EXERCISE DIRECTIONS
Return the records exactly, from the first line through the "2023年华容县第三季度102批次食用农产品监督抽检结果公示(十)" line.

(MATERIALS PROVIDED Opens)

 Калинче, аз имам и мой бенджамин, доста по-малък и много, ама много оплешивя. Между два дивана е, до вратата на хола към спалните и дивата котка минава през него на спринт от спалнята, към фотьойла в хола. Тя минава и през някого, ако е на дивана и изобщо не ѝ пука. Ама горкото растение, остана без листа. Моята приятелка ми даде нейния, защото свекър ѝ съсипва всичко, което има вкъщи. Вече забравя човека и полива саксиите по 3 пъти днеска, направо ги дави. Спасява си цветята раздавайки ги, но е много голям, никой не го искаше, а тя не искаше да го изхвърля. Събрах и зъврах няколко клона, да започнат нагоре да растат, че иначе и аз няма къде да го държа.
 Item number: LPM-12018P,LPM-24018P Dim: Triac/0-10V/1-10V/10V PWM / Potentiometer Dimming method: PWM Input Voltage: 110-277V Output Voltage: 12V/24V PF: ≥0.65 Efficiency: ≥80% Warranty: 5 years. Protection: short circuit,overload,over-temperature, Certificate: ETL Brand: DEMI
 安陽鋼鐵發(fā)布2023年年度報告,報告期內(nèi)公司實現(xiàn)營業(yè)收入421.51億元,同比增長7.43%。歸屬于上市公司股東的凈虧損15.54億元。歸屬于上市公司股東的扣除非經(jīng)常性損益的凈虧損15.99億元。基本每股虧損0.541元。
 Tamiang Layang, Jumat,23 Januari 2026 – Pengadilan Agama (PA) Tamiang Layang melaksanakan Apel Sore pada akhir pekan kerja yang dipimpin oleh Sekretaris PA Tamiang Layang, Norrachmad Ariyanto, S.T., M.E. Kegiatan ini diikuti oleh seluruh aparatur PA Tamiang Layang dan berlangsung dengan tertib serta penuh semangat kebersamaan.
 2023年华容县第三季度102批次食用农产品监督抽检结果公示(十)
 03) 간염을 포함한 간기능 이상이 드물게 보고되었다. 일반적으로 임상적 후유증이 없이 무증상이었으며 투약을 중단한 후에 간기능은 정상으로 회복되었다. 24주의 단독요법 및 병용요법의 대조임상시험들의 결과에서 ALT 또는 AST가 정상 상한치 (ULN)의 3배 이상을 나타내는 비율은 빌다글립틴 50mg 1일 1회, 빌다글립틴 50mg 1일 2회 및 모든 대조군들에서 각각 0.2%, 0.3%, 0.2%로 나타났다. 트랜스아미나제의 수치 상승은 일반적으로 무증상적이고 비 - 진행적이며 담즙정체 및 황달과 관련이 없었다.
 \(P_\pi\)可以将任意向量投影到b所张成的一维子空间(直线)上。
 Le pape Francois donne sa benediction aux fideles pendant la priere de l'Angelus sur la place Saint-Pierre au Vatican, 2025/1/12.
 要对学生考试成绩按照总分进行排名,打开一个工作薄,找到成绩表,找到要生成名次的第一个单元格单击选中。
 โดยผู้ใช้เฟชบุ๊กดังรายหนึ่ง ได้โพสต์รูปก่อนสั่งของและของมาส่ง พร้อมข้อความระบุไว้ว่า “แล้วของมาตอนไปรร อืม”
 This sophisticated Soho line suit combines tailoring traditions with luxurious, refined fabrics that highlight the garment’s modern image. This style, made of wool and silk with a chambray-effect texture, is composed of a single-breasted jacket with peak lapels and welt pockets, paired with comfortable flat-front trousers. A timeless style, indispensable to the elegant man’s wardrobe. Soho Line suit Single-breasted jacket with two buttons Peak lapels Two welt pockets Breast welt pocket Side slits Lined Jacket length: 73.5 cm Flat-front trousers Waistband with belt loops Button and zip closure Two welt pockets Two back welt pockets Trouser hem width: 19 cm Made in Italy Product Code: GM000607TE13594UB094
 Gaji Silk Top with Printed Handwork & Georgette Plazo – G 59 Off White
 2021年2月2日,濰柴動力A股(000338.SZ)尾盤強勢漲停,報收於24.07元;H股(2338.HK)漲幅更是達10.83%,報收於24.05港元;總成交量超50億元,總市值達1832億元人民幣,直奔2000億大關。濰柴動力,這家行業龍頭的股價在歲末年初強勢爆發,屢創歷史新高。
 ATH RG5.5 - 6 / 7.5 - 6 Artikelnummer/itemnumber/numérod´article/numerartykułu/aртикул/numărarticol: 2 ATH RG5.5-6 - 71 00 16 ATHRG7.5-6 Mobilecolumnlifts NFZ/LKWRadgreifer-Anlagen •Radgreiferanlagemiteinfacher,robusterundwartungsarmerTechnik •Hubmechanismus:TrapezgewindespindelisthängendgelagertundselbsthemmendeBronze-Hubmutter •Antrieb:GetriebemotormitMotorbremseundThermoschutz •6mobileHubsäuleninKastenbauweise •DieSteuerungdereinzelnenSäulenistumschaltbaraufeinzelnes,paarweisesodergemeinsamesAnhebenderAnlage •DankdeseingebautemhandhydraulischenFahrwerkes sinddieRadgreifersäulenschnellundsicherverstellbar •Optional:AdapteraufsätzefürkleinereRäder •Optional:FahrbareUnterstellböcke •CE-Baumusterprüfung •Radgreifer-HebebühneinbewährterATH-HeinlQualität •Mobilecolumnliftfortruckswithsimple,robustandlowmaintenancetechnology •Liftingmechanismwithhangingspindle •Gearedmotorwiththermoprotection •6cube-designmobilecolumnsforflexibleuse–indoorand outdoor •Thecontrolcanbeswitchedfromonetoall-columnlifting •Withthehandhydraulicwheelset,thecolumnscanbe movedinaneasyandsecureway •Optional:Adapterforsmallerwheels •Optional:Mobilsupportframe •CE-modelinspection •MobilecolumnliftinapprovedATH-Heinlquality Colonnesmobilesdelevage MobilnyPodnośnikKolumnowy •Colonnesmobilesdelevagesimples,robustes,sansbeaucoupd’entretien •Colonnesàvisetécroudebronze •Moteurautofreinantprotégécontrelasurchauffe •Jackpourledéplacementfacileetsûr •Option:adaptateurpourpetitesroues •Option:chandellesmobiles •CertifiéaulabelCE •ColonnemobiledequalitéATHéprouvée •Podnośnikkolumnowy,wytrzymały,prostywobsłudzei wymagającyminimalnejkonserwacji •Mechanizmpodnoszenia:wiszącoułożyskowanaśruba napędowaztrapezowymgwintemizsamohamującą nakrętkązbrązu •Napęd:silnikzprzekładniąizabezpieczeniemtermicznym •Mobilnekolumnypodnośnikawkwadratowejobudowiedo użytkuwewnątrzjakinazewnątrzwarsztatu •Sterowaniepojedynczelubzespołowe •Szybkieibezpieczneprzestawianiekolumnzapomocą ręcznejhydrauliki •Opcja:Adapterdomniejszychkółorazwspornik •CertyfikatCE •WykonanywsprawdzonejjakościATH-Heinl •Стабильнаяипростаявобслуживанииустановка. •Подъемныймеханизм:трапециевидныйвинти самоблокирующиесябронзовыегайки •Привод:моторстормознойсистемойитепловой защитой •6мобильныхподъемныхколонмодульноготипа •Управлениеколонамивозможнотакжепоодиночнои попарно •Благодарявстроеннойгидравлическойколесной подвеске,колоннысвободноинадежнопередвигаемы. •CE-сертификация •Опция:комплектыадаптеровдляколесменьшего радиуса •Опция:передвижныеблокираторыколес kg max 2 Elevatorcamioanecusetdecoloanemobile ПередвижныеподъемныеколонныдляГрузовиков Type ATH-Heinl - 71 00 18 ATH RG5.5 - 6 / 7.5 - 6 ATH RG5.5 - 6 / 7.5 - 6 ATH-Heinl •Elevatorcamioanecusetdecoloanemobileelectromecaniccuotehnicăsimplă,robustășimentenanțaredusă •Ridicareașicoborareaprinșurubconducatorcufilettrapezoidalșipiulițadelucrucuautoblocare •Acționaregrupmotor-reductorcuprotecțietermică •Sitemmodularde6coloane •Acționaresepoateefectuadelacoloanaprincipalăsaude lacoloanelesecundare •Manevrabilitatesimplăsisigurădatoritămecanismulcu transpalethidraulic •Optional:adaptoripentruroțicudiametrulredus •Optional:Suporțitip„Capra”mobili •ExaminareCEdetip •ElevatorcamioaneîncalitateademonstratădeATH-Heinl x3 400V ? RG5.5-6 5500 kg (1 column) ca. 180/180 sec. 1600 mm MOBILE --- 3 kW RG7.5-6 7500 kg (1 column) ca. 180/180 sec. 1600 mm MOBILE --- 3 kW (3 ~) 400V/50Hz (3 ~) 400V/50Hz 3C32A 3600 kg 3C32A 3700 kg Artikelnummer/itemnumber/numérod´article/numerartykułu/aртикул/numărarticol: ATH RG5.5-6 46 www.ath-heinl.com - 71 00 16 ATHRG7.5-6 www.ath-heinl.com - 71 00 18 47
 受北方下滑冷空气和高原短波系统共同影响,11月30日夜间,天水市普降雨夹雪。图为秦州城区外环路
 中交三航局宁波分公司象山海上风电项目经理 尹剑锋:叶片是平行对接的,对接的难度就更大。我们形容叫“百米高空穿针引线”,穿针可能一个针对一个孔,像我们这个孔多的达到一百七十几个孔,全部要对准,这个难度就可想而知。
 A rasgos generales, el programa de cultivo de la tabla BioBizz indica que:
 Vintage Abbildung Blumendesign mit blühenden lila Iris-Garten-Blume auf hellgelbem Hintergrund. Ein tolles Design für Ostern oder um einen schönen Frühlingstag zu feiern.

(MATERIALS PROVIDED Closes)

TASK RESPONSE
 Калинче, аз имам и мой бенджамин, доста по-малък и много, ама много оплешивя. Между два дивана е, до вратата на хола към спалните и дивата котка минава през него на спринт от спалнята, към фотьойла в хола. Тя минава и през някого, ако е на дивана и изобщо не ѝ пука. Ама горкото растение, остана без листа. Моята приятелка ми даде нейния, защото свекър ѝ съсипва всичко, което има вкъщи. Вече забравя човека и полива саксиите по 3 пъти днеска, направо ги дави. Спасява си цветята раздавайки ги, но е много голям, никой не го искаше, а тя не искаше да го изхвърля. Събрах и зъврах няколко клона, да започнат нагоре да растат, че иначе и аз няма къде да го държа.
 Item number: LPM-12018P,LPM-24018P Dim: Triac/0-10V/1-10V/10V PWM / Potentiometer Dimming method: PWM Input Voltage: 110-277V Output Voltage: 12V/24V PF: ≥0.65 Efficiency: ≥80% Warranty: 5 years. Protection: short circuit,overload,over-temperature, Certificate: ETL Brand: DEMI
 安陽鋼鐵發(fā)布2023年年度報告,報告期內(nèi)公司實現(xiàn)營業(yè)收入421.51億元,同比增長7.43%。歸屬于上市公司股東的凈虧損15.54億元。歸屬于上市公司股東的扣除非經(jīng)常性損益的凈虧損15.99億元。基本每股虧損0.541元。
 Tamiang Layang, Jumat,23 Januari 2026 – Pengadilan Agama (PA) Tamiang Layang melaksanakan Apel Sore pada akhir pekan kerja yang dipimpin oleh Sekretaris PA Tamiang Layang, Norrachmad Ariyanto, S.T., M.E. Kegiatan ini diikuti oleh seluruh aparatur PA Tamiang Layang dan berlangsung dengan tertib serta penuh semangat kebersamaan.
 2023年华容县第三季度102批次食用农产品监督抽检结果公示(十)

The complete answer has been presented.